Newton's first law states that an object that remains in uniform motion will remain in uniform motion unless it is acted upon by an external force. This also includes that an object at rest will remain at rest unless it is acted upon by an external force. When more than one force acts upon an object, the vector sum of these forces is the resultant force.

When the resultant force on an object is zero, it will remain at rest if it is at rest, or continue to move in a straight line at a constant velocity if it is in motion. There is no change in either the magnitude or direction of its velocity. That is, there is zero acceleration. This concept can also be applied to motion in any selected direction.

Consider an object moving along the x-axis. If no net force is applied to the object along the x-axis, it will continue to move along the x-axis at a constant velocity with no acceleration.We can extend this to the y- and z- axes.

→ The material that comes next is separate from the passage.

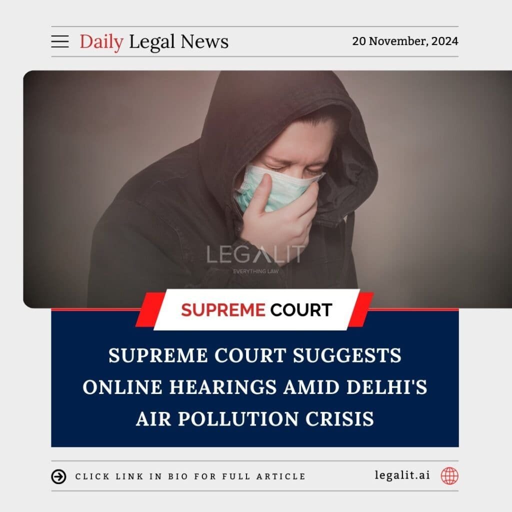 In response to the worsening air quality in Delhi, the Supreme Court of India has advised all courts in the region to consider shifting to online hearings to protect the health of lawyers, litigants, and judges. The suggestion comes as Delhi continues to grapple with severe air pollution levels, which have raised concerns about public safety.

In any system, unless the applied forces cancel each other out, that is, the resultant force is zero, there will be acceleration in the direction of the resultant force.

Force Equilibrium

In static systems, where motion does not occur, the sum of the forces in all directions must always equal zero (otherwise, it's a dynamics problem). This concept can be represented mathematically with the following equations.

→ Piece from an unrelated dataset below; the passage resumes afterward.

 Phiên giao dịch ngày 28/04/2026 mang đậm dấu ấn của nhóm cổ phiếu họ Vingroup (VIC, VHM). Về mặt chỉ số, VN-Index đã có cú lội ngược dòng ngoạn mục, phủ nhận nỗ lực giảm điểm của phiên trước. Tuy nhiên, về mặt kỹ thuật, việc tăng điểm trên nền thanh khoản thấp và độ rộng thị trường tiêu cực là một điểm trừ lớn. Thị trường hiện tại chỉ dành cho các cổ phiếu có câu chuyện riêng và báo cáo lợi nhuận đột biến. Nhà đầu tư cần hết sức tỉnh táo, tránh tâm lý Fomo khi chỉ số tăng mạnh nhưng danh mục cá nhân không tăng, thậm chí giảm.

${\displaystyle \sum F_{x}=0}$

${\displaystyle \sum F_{y}=0}$

${\displaystyle \sum F_{z}=0}$

Rotational Equilibrium

The concept also applies to rotational motion.

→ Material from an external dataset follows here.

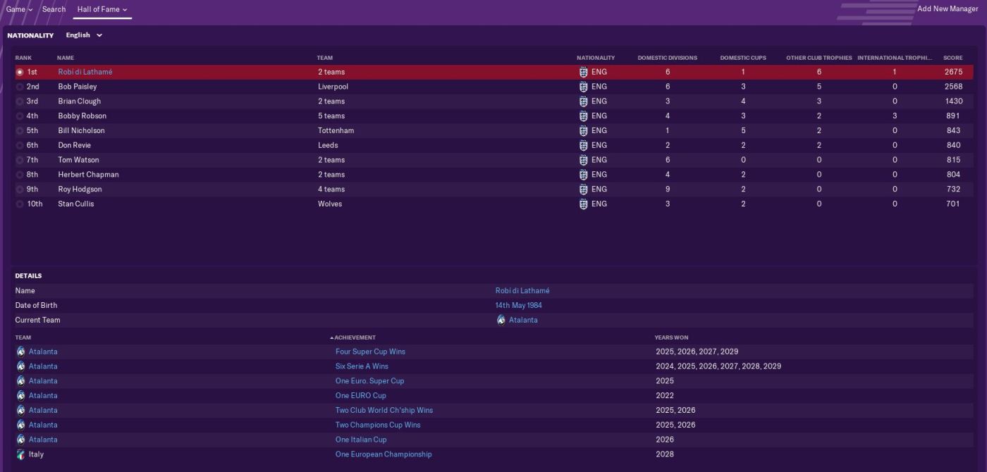 These successes saw me top the Hall of Fame for English managers, which is surely the perfect way to end any Football Manager blog. I’m now also 6th in the Worldwide category, 10th in Continental (which doesn’t make much sense) and 4th in the Italy nation rankings.

If the resultant moment about an axis is zero, the object will have no rotational acceleration about the axis. If the object is not spinning, it will not start to spin. If the object is spinning, it will continue to spin at the same constant angular velocity. Again, we can extend this to moments about the y-axis and the z-axis. This is represented mathematically with the following.

${\displaystyle \sum M_{x}=0}$

${\displaystyle \sum M_{y}=0}$

${\displaystyle \sum M_{z}=0}$

What happens if the sum of forces or moments is not zero?

If the object has a net moment not equal to zero, it will spin about whichever axes are not zero. If the object is acted upon by a net force not equal to zero, it will accelerate in whatever direction the net force is. Once the object moves it cannot be analyzed with statics, instead the rules of dynamics take control. The acceleration of the object is governed by Newton's second law,

${\displaystyle \sum F=m\cdot a}$

You will never need this equation in Statics.